Starting with the line that has "圖為德格藏醫(yī)院副院長伍金丹增向記者展示傳統(tǒng)裝藏藥的藥盒。" and finishing with the line that has "Handcrafted Ceramic Pasta", set down each line below exactly. Pictures are not copied.

- _PROVIDED RECORDS_:
---*---

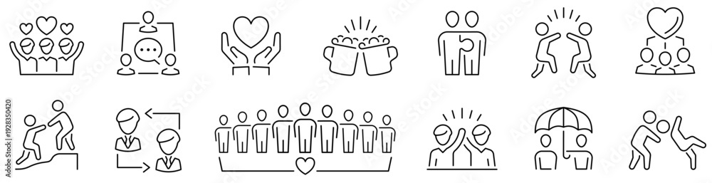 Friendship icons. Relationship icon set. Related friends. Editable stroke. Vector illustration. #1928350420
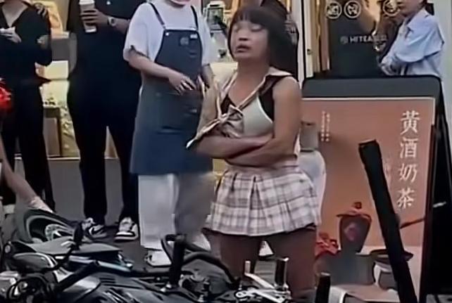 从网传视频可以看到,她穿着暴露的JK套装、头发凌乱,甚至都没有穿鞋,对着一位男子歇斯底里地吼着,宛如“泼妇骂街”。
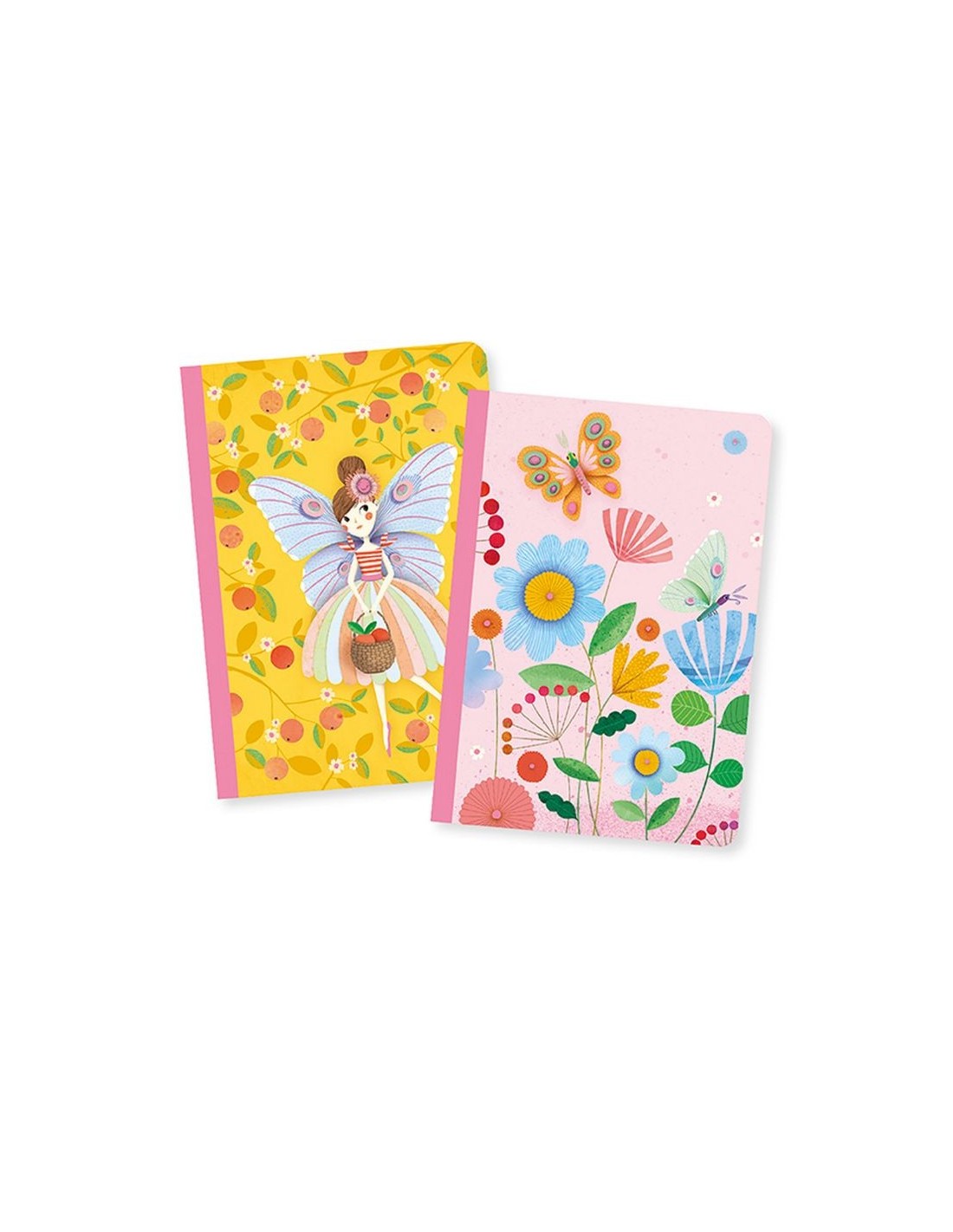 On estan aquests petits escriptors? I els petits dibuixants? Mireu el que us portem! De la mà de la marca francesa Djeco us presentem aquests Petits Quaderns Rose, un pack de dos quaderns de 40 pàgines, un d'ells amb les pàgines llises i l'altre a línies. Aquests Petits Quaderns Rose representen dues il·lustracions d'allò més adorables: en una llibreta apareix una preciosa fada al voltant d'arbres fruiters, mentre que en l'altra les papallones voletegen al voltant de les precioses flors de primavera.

---*---

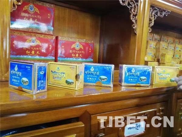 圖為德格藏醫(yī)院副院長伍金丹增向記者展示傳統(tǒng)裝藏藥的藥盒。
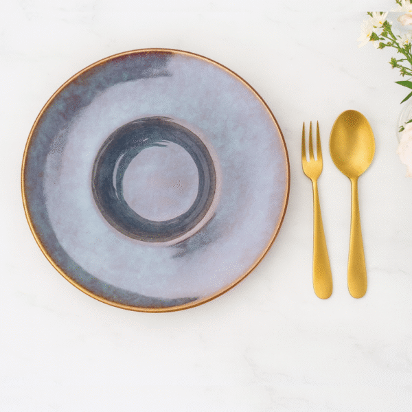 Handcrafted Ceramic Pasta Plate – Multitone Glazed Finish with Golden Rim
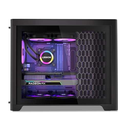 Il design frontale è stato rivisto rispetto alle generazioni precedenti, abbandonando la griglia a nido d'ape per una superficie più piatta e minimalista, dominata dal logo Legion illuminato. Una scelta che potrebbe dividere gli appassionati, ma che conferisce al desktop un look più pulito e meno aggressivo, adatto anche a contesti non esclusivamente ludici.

---*---

- _OUTPUT OF THE EXERCISE_:
 圖為德格藏醫(yī)院副院長伍金丹增向記者展示傳統(tǒng)裝藏藥的藥盒。
 Handcrafted Ceramic Pasta Plate – Multitone Glazed Finish with Golden Rim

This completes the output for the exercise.